As 70 semanas de Daniel.

I - Introdução ao Estudo da Profecia.

  As profecias possuem uma ou todas das seguintes características:

    a) chamar o povo de Deus ao arrependimento;

    b) alertar para juízos divinos;

    c) trazer esperança e consolo ao povo;

    d) apontar para a atividade messiânica cumprida em Jesus;

  A atividade profética tem, portanto, como principal função convocar o povo de Deus para cumprir a vontade divina, servindo como orientadora da moralidade e justiça divina para o homem.

  A palavra hebraica para profeta é “nabi”, cuja raiz aponta para uma origem assíria ou árabe e que significa proferir, anunciar uma mensagem. Nabi é, portanto, a pessoa que tem a missão de anunciar uma mensagem divina no contexto das Escrituras Sagradas. Do mesmo modo na Septuaginta e nos escritos do N.T. a palavra grega “prophetes” indica aquele que expõe em fala sobre certo assunto.[1]
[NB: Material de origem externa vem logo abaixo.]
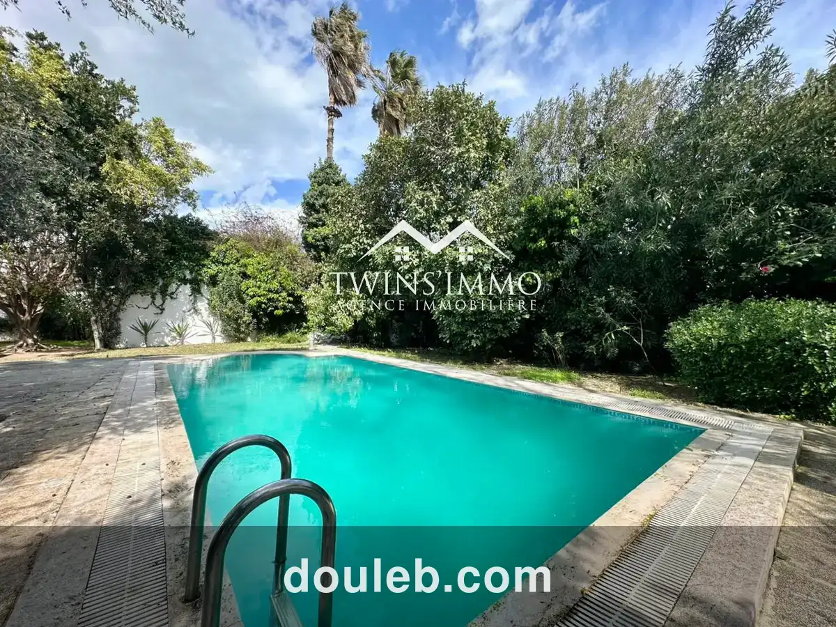 villa s+4 de plain-pied à carthage dermech, à proximité du port punique superficie terrain : 1000 m² superficie batie : 600 m² composition : un salon avec cheminée un séjour une salle d’eau une cuisine équipée de plaque, hotte et four une chambre de service avec une salle de douche une suite parentale avec un dressing et une salle de bain (avec cabine de douche) une suite avec un dressing et une salle de douche deux chambres à coucher une salle de bain chauffage central climatisation : split-système un jardin une piscine un garage pour 03 voitures

  O mecanismo de recebimento da profecia pelo profeta é feito de forma diferente daquele da concepção pagã, onde o profeta encontrava-se numa posição absolutamente passiva. Nas profecias bíblicas, o profeta está numa condição onde podemos ver nos seus escritos as marcas do seu conhecimento cultural e literário, além da contextualização geográfica, histórica, política e social do mesmo, demonstrando um processo ativo.
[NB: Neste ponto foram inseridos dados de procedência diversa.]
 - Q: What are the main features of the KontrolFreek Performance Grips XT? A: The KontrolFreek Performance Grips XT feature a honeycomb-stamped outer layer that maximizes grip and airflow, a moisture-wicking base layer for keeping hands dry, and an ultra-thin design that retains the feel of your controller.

  Vários eram os propósitos das profecias. Jeremias por exemplo trazia ao povo de Israel a visão do juízo divino referente à queda de Judá diante do Império Babilônico; Jonas demonstra a preocupação de Deus para com os gentios; Isaías é uma obra profética praticamente messiânica; Daniel é considerado apocalíptico, abordando temas como a manifestação do homem do pecado (o Anticristo), a Grande Tribulação, a parusia ou segunda volta de Jesus Cristo e o Juízo Final. Dentro desses temas proféticos de Daniel, daremos destaque à compreensão das 70 semanas de Daniel.

II - O livro de Daniel.

  O livro de Daniel apresenta fatos históricos que vão desde o primeiro exílio babilônico da nação de Israel em 605 a.C., passando pela queda do Império Babilônico em 539 a.C. diante do novo Império Medo-Persa, estendendo-se até o terceiro ano de Ciro (536 a.C.). O livro foi escrito entre os anos 536 a.C. e 530 a.C. (ano provável da morte do profeta).[2]

  No ano de 605 a.C. quando o Faraó Neco foi derrotado por Nabucodonosor na batalha de Carquemis, passando o reino de Judá do controle assírio-egípcio para o babilônico, Daniel, ainda um adolescente, fora deportado no primeiro exílio babilônico, do qual muito o profeta Jeremias já havia atentado. A partir daí Daniel começa seu ministério profético.[3]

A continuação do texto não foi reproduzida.